Allen K B, Heimansohn D A, Robison R J, Schier J J, Griffith G L, Fitzgerald E B, Isch J H, Abraham S, Shaar C J
Indiana Heart Institute, St. Vincent Hospital and Health Care Center, Indianapolis, USA.
Heart Surg Forum. 2000;3(4):325-30.
Risk factors for leg wound complications following traditional saphenectomy have included: obesity, diabetes, female gender, anemia, age, and peripheral vascular disease. Use of an endoscopic saphenectomy technique may modify the risk factor profile associated with a traditional longitudinal incision.
From September 1996 to May 1999, 276 consecutive patients who underwent elective isolated coronary artery bypass grafting performed by a single surgeon (K.B.A.) had their greater saphenous vein harvested endoscopically. During the period from January 1999 to May 1999, the surgical records of 643 patients who underwent the same operation and had a traditional longitudinal saphenectomy were reviewed for postoperative leg wound complications. Group demographics were similar regarding preoperative risk stratification and traditionally identified wound complication risk factors (diabetes, gender, obesity, preoperative anemia, and peripheral vascular disease). Leg wound complications were defined as: hematoma, dehiscence, cellulitis, necrosis, or abscess requiring dressing changes, antibiotics and/or debridement prior to complete epithelialization. Follow-up was 100% at six weeks.
Leg wound complications following endoscopic harvest occurred in 3% (9/276) of patients versus 17% (110/643) of traditional harvest patients (p < 0.0001). No univariate risk factors for wound complications were associated with endoscopic saphenectomy. Univariate predictors of wound complications following traditional saphenectomy included: diabetes (p = 0.001), obesity (p = 0.0005), and female gender (p = 0.005).

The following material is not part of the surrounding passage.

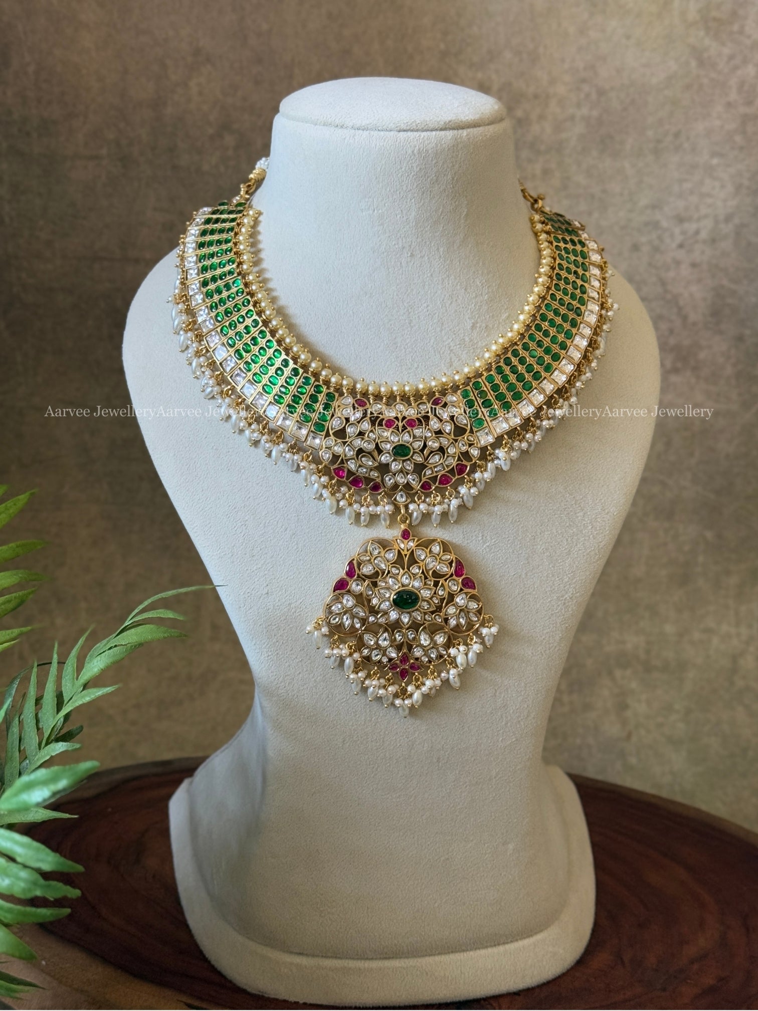 Traditional Jadau Kundan Statement Necklace with Green Gem Accents and Rice Pearl Detailing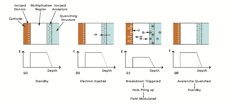 Novel detection capabilities this innovation will enable include more convenience in single-photon detection in comparison with traditional Geiger mode avalanche photodiodes that require an external quenching circuit and a photomultiplier that is bulky and requires high voltage. With this design, single-photon detection ranging from UV (ultraviolet) to FIR (far infrared) will be enabled in the light of the structure with regard to various semiconductor materials, including silicon, germanium, silicon-germanium, SiC, III-V compounds (e.g., InGaAs/InP heterostructure, GaN and GaN/AlN), II-V compounds (e.g., HgCdTe), etc. This detector may enable the highest achievable photon counting rate up to several gigahertz due to the removal of external, parasitic capacitance, extremely small junction capacitance, and largely eliminated after-pulsing effects originating from the infinitesimally small volume of the multiplication region.

Multivariable risk factors for leg wound complications following saphenectomy were traditional harvest technique (OR 7.56, CI 3.8-17.2, p < 0.0001), diabetes (OR 2.10, CI 1.4-3.2, p = 0.0006) and obesity (OR 1.82, CI 1.2-2.8, p = 0.007).
Traditional longitudinal saphenectomy is a multivariable risk factor for development of leg wound complications. Endoscopic saphenectomy modifies the risk factor profile for wound complications and should be the standard of care, particularly for obese and/or diabetic patients who require venous conduit during coronary artery bypass grafting.
传统大隐静脉剥脱术后腿部伤口并发症的危险因素包括:肥胖、糖尿病、女性、贫血、年龄和外周血管疾病。使用内镜下大隐静脉剥脱技术可能会改变与传统纵向切口相关的危险因素。
1996年9月至1999年5月,由同一外科医生(K.B.A.)连续进行择期单纯冠状动脉旁路移植术的276例患者接受了内镜下大隐静脉采集。在1999年1月至1999年5月期间,回顾了643例接受相同手术并进行传统纵向大隐静脉剥脱术患者的手术记录,以了解术后腿部伤口并发症情况。两组在术前风险分层和传统确定的伤口并发症危险因素(糖尿病、性别、肥胖、术前贫血和外周血管疾病)方面的人口统计学特征相似。腿部伤口并发症定义为:血肿、裂开、蜂窝织炎、坏死或脓肿,在完全上皮化之前需要更换敷料、使用抗生素和/或清创。六周时随访率为100%。
内镜采集后腿部伤口并发症发生率为3%(9/276),而传统采集患者为17%(110/643)(p<0.0001)。内镜下大隐静脉剥脱术与伤口并发症的单变量危险因素无关。传统大隐静脉剥脱术后伤口并发症的单变量预测因素包括:糖尿病(p=0.001)、肥胖(p=0.0005)和女性(p=0.005)。大隐静脉剥脱术后腿部伤口并发症的多变量危险因素为传统采集技术(OR 7.56,CI 3.8 - 17.2,p<0.0001)、糖尿病(OR 2.10,CI 1.4 - 3.2,p = 0.0006)和肥胖(OR 1.82,CI 1.2 - 2.8,p = 0.007)。
传统纵向大隐静脉剥脱术是腿部伤口并发症发生的多变量危险因素。内镜下大隐静脉剥脱术改变了伤口并发症的危险因素谱,应成为治疗的标准方法,特别是对于冠状动脉旁路移植术中需要静脉管道的肥胖和/或糖尿病患者。